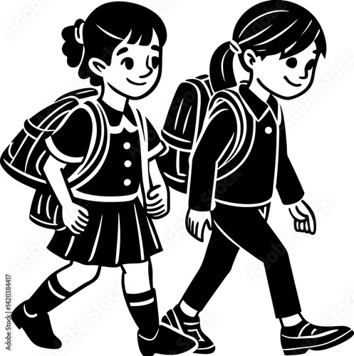 © Md, Fototapeta premium Back to school flat vector illustration children.
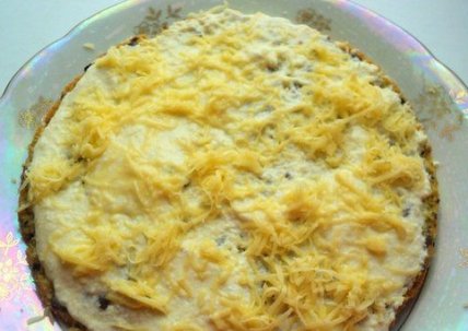 Нагревайте до расплавления сыра. Сборка торта: пласт бисквита уложите на блюдо, смажьте 1/3 горячего сырного крема, посыпьте сверху сыром.
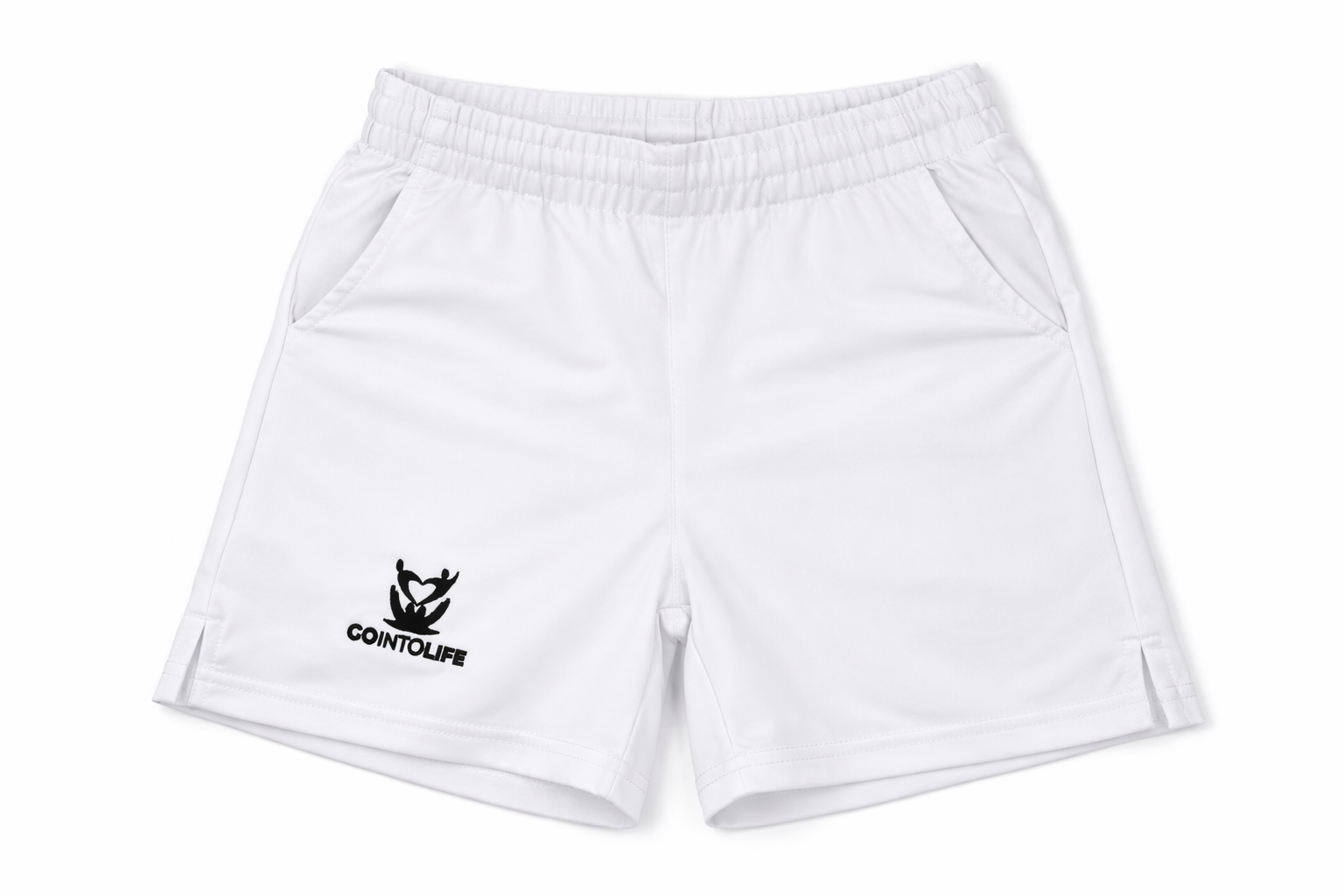 Short GO INTO LIFE FLEX femme / enfant Blanc – tissu technique résistant, respirant, coupe ergonomique, ceinture élastiquée à cordon. Tailles 12 ans au 3XL
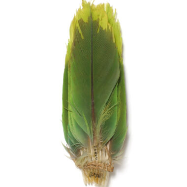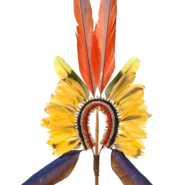 Losango de fio de algodão preto, marrom e bege montado em um poste de madeira; cada extremidade do losango recebe uma pena de arara vermelha e uma pequena pena amarela. cf. 40879., Este brasão é usado com a haste cravada no Cocar de cera (cf. 40877-79). Nota A.Vuille 21.06.2016: informação retirada do campo termo vernáculo: …
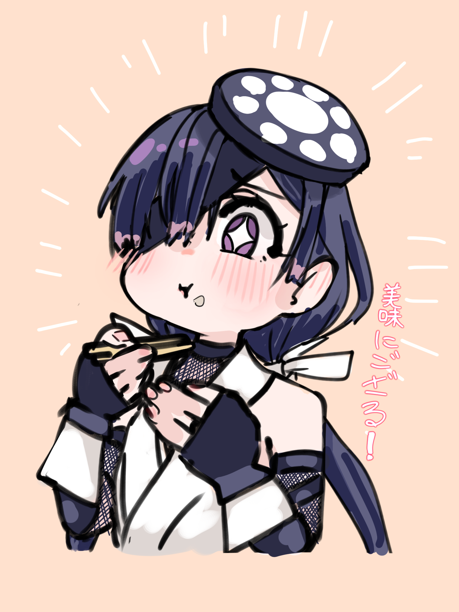 1girl arm_strap bare_shoulders black_hair blush breasts chopsticks eating eyepatch fate/grand_order fate_(series) fishnets hair_ornament highres japanese_clothes kimono long_hair mochizuki_chiyome_(fate) mochizuki_chiyome_(second_ascension)_(fate) niwaikanai purple_eyes sleeveless sleeveless_kimono small_breasts solo sparkling_eyes translation_request very_long_hair white_kimono
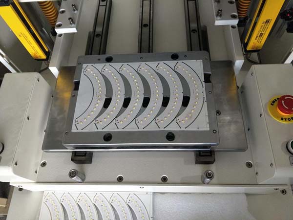 工作中下模采用自动推拉,减轻劳动强度,更提高安全度,同时取放成品十分方便。应用于电子行业如手机板,内存卡,手机软线路等分割。对于大批量通槽式PCB基板和软性线路板(FPC)的分割,效率尤为显著。配备安全感应装备。配模具使用,换模具简单方便。
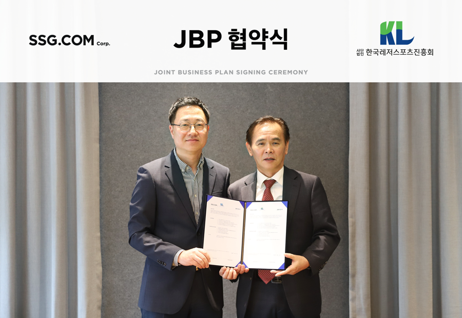 이날 서울 역삼동 SSG닷컴 본사에서 열린 협약식에는 신익수 SSG닷컴 스포츠MD팀장, 김창수 사단법인 한국레저스포츠진흥회 회장과 임원들이 참석했다.
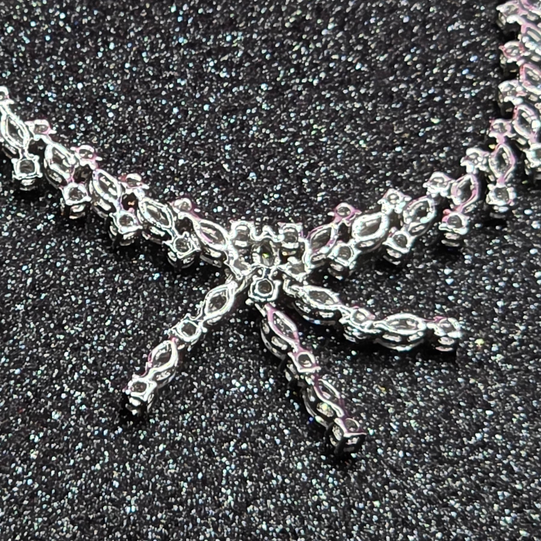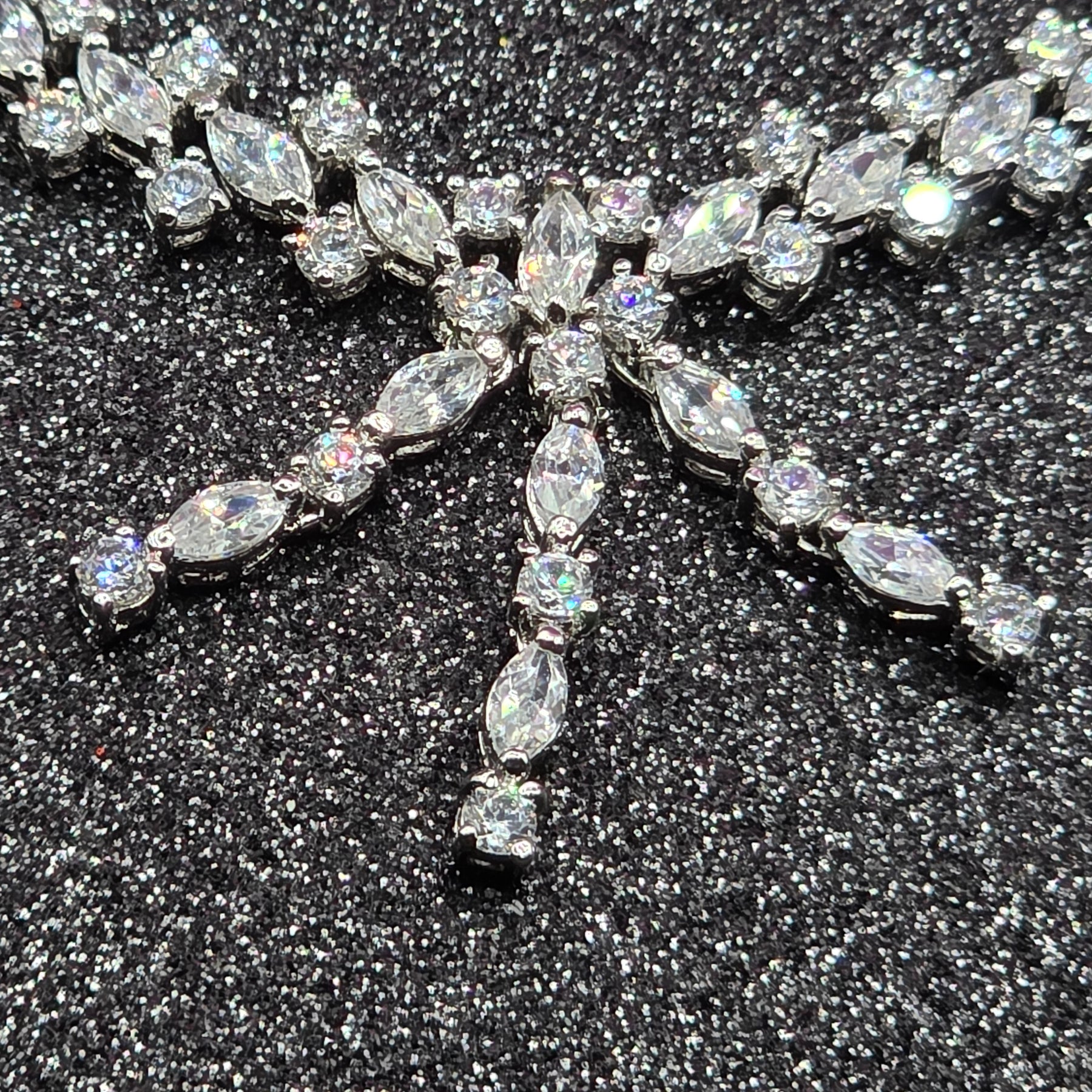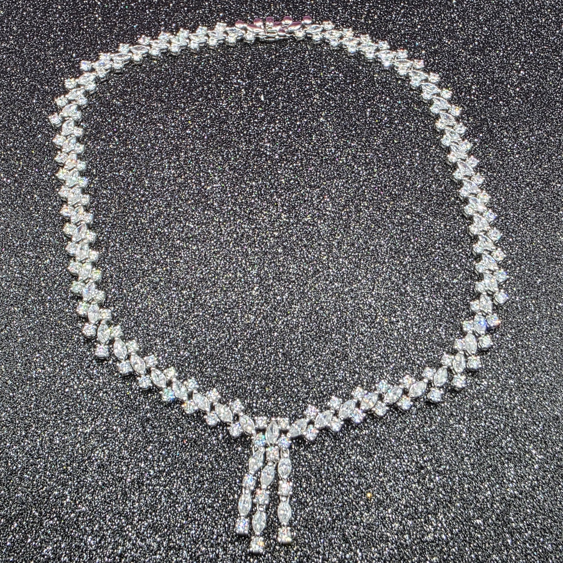 This is a gorgeous sterling silver choker length necklace. Encrusted with well over 200 crystals and 3 dangle strands. No...this piece is not white gold and diamond but nobody needs to know that. It literally looks like a princess necklace.
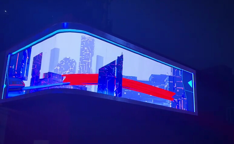 投石智能系統(tǒng)裸眼3D技術主創(chuàng)團隊對戶外弧形裸眼3D屏畫面內容做了解析介紹::
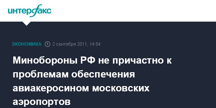 Москва. 2 сентября. INTERFAX.RU - Минобороны России не имеет отношения к кризисной ситуации, сложившейся с поставками авиационного керосина в московском авиаузле, заявил в пятницу "Интерфаксу-АВН представитель управлении пресс-службы и информации военного ведомства майор Владимир Дробышевский.
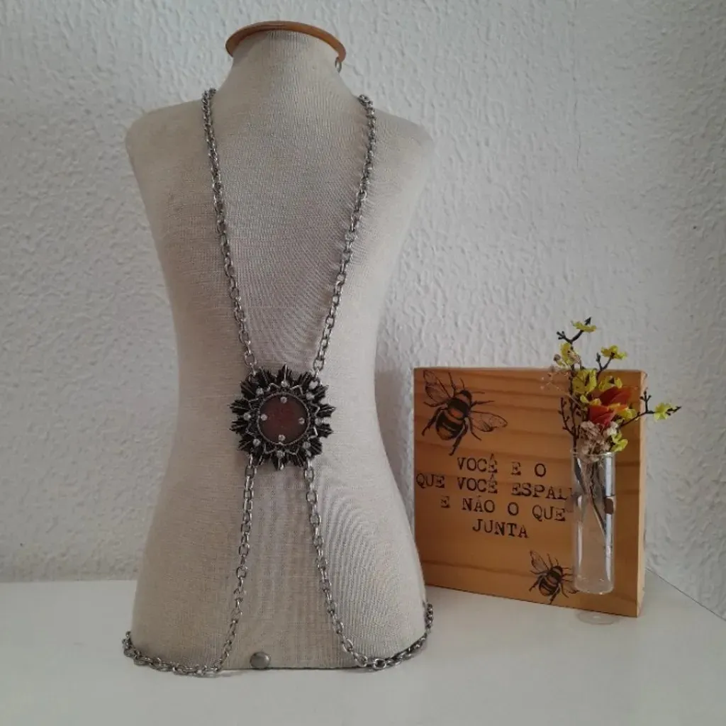 corrente bodychain, com uma corrente para o pescoço e outra para prender na cintura, possui pingente central com strass metal prateado medidas: colar 100cm de corrente cintura até 100cm (10/03) bijoux bijuteria acessórios folheado semijoia joia anel brinco colar gargantilha corrente pulseira cinto fashion
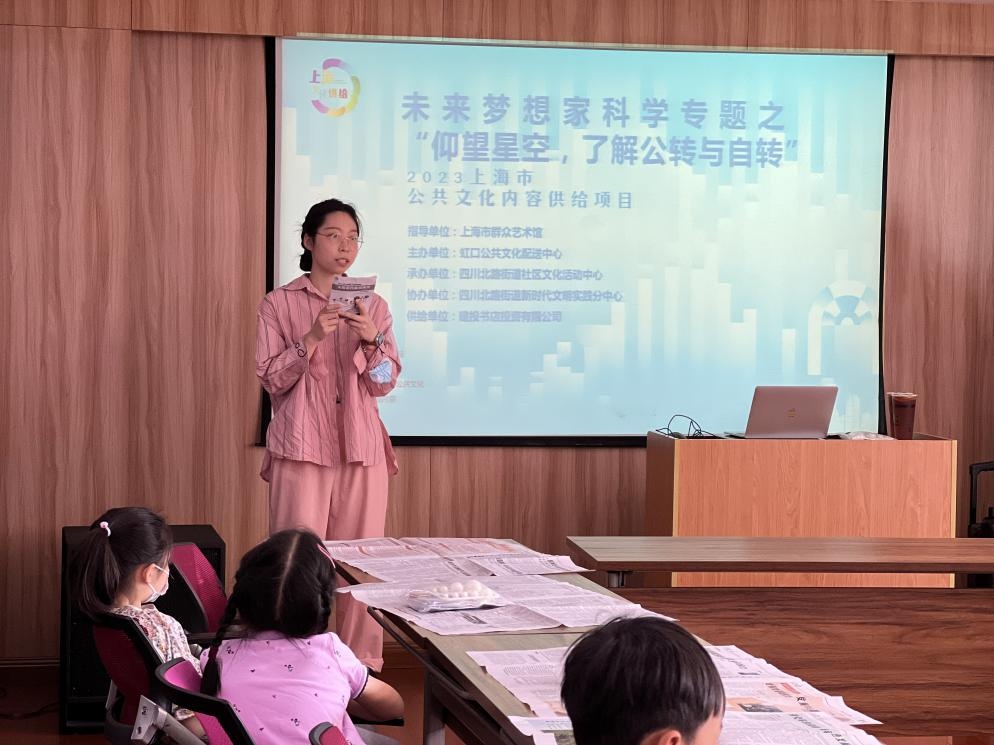 日前,一场以“未来梦想家科学专题之仰望星空,了解公转自转”为主题的儿童节亲子活动在四川北路街道社区文化活动中心举行,来自社区的一群萌娃在父母的陪伴下,和建投书局的讲师共同开启了一场探索“星球”奥秘之旅。
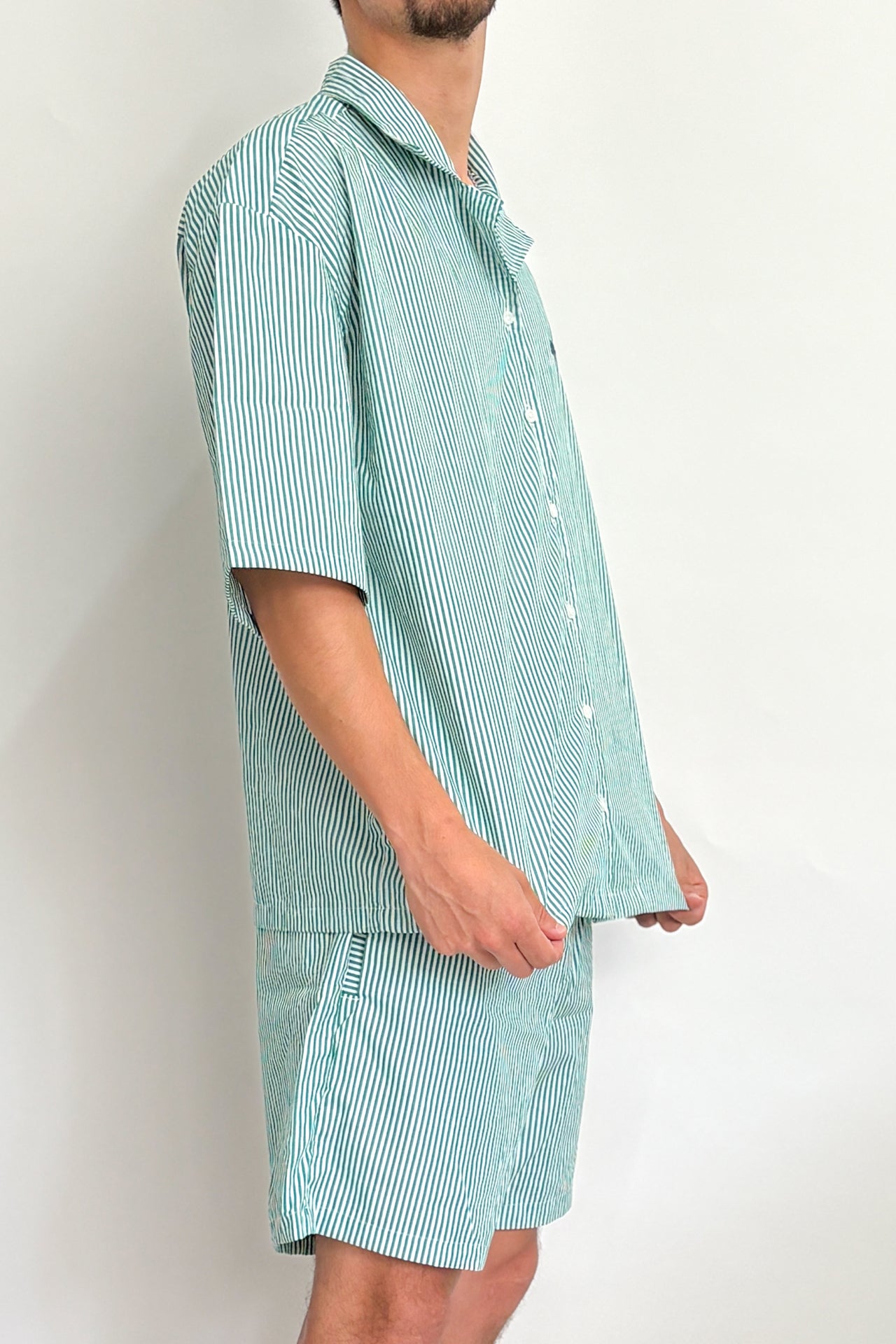 Camisa corte oversize unisex, a rayas verde y blanco

#### Activity:
Nothing but the lines from the one holding "Москва. 2 сентября." through the final line of the records above belongs in the answer, each retyped exactly; omit the pictures.

#### Response box:
 Москва. 2 сентября. INTERFAX.RU - Минобороны России не имеет отношения к кризисной ситуации, сложившейся с поставками авиационного керосина в московском авиаузле, заявил в пятницу "Интерфаксу-АВН представитель управлении пресс-службы и информации военного ведомства майор Владимир Дробышевский.
 corrente bodychain, com uma corrente para o pescoço e outra para prender na cintura, possui pingente central com strass metal prateado medidas: colar 100cm de corrente cintura até 100cm (10/03) bijoux bijuteria acessórios folheado semijoia joia anel brinco colar gargantilha corrente pulseira cinto fashion
 日前,一场以“未来梦想家科学专题之仰望星空,了解公转自转”为主题的儿童节亲子活动在四川北路街道社区文化活动中心举行,来自社区的一群萌娃在父母的陪伴下,和建投书局的讲师共同开启了一场探索“星球”奥秘之旅。
 Camisa corte oversize unisex, a rayas verde y blanco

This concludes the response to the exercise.